The record when I was searching, but not exactly what most collectors were after in the MTV era. But that also made it the perfect quest for my dad and his pencil-and-paper search algorithms.
Since he came of age with World War II-era swing and jump blues, bebop was “modern jazz” to him and a definite dividing line in his musical tastes. But he knew I loved Charlie Parker and he loved the thrill of the hunt, so I could practically hear the gears churning when I told him about the Buster Smith record I was looking for. I don’t even think I had the catalog number: It was on Atlantic, ‘50s or ‘60s, and that’s about all I knew.
But he found one. Actually two or three; another copy for my friend Ted who’d told me about it in the first place and maybe one for himself. Then there was another: A stereo copy to go with the mono he’d given me originally (or vice versa). And then a few more he picked up here and there.
Since this record was important to me it became important to him.
The man loved music. And he loved collecting (some might say hoarding) the LPs and 78s—and the movie posters and glossies and ads and videos and magazines and assorted ephemera related to the music he loved. An ardent record hunter and gatherer, he got the idea to open a music shop as a retirement gig. That naturally required (or became an excuse for) more hunting and gathering for the store, which—to no one’s surprise—was never more than an idea.
And I don’t think he ever really wanted it to: He was doing something more important than mere collecting: he was saving.

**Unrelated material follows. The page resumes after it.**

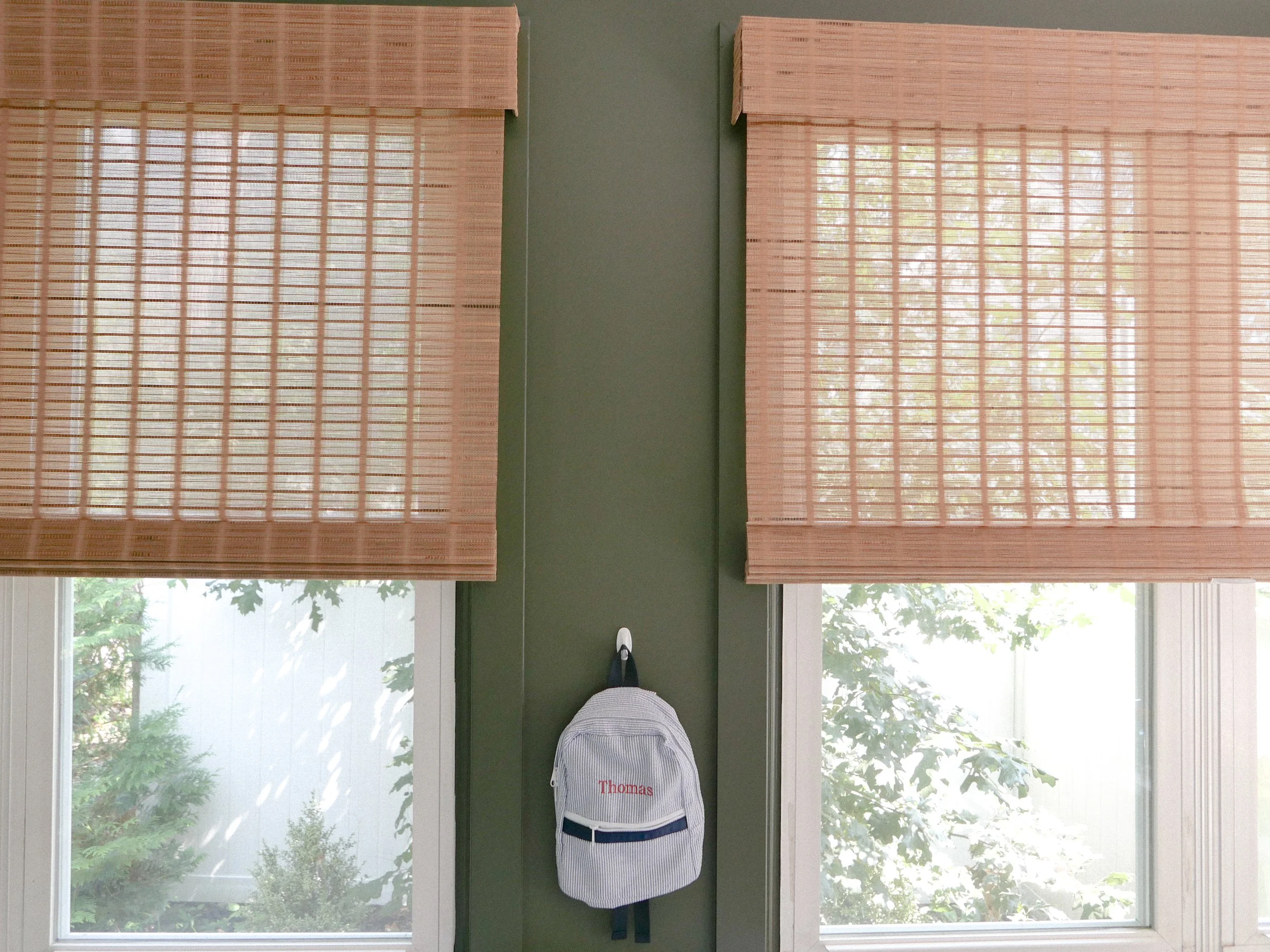 A green wall with two windows covered by light pink bamboo blinds, and a gray backpack hanging between the windows with the name 'Thomas' embroidered in red.

He’d quarried a lode of Glenn Miller 78s and Gene Autry onesheets and Metronome magazines and Ink Spots sheet music and all the other cultural flotsam and jetsam that most folks outside his generation didn’t really care about. And this wasn’t a private archive, but almost a treasure trove for myself and for my friends. The most generous person I ever knew, he loved going on the hunt for my buddies’ holy grails, too.

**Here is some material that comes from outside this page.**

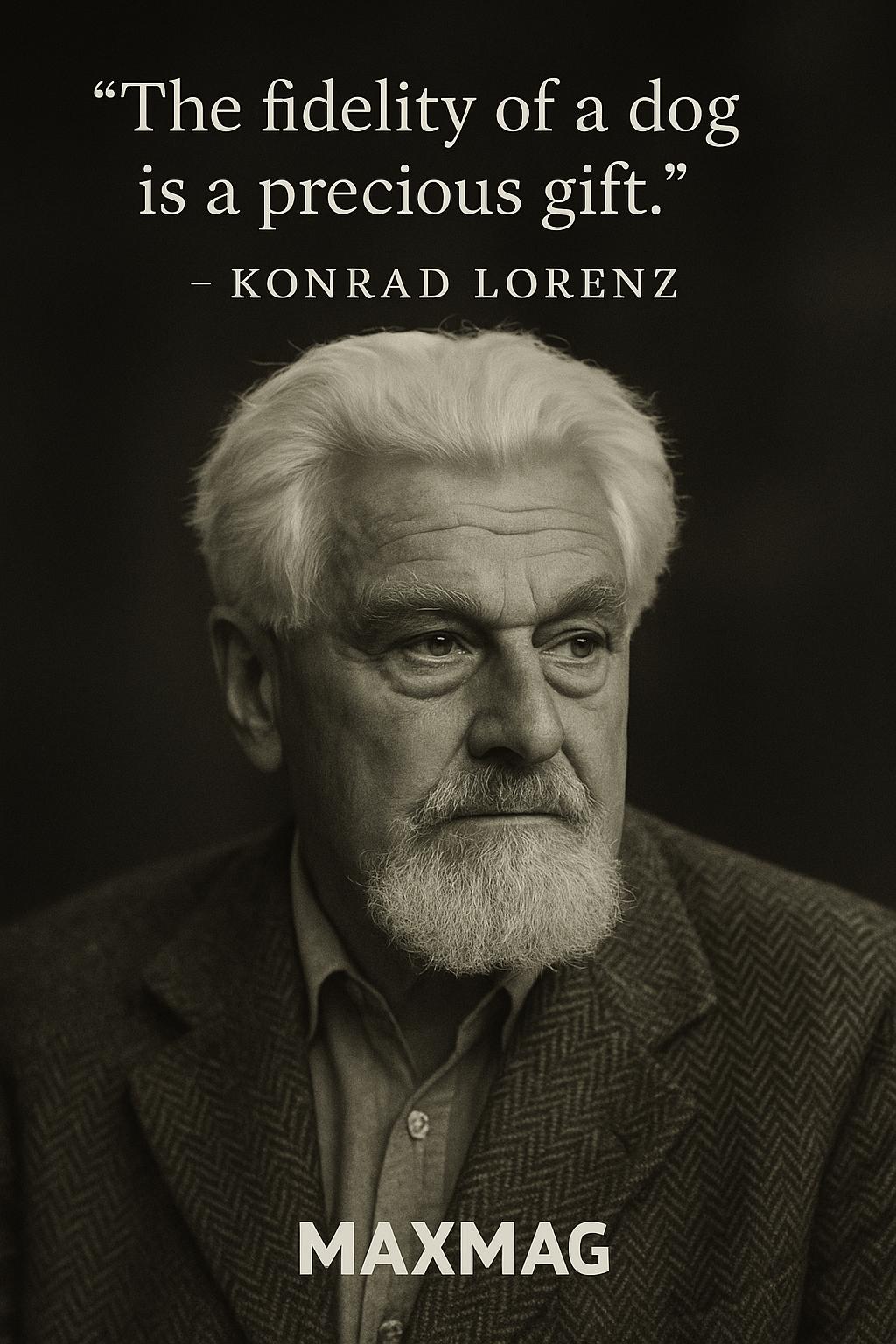 Lorenz’s popular writings reveal a deep emotional attachment to his animals, especially to dogs and geese, whom he treated as individual personalities rather than interchangeable specimens. In books like Man Meets Dog, he wrote of canine loyalty and companionship in ways that blurred the boundary between scientific observation and affection.

The next thing he’d always ask—after getting the record info—was Who else would want a copy?
He passed away a few years ago and I hated/loved going through all this stuff—all the things he’d saved—helping my mom get things in order.
I kept a few things—not many. Most was sold to other collectors and the local record store. Some is still in the basement. But even if no one else wanted it, I loved that he did. And I loved going through all the boxes and crates and stacks—like the final scene from Citizen Kane—being part of his stuff. Being with him in a way.
Best of all was the stash of about 50 copies of The Legendary Buster Smith. I literally laughed out loud. A previously unknown and unremarkable record had become a serious decades-long quest. I’ve sold or traded a few, but kept most of them and still love giving them to friends.
He would have loved that, too.
Scotto is a preacher’s kid from Arkansas who moved to Kansas City, went to art school, worked in record stores, was a journalist, then went to grad school, became a therapist, and have been mental health director for Missouri’s prisons for the last dozen years. He’s been buying records at every stop along the way.